### PROVIDED RECORDS
···
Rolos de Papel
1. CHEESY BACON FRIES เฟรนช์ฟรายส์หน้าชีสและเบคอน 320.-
···
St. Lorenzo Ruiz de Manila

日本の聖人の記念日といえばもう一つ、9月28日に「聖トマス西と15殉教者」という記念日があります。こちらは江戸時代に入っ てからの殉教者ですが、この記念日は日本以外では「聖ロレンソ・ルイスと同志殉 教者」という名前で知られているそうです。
···
### YOUR TASK
All lines above from the one containing "Rolos de Papel" to the one containing "1. CHEESY BACON" must be repeated exactly, both lines included, and no others.

### RESPONSE TO THIS TASK
Rolos de Papel
1. CHEESY BACON FRIES เฟรนช์ฟรายส์หน้าชีสและเบคอน 320.-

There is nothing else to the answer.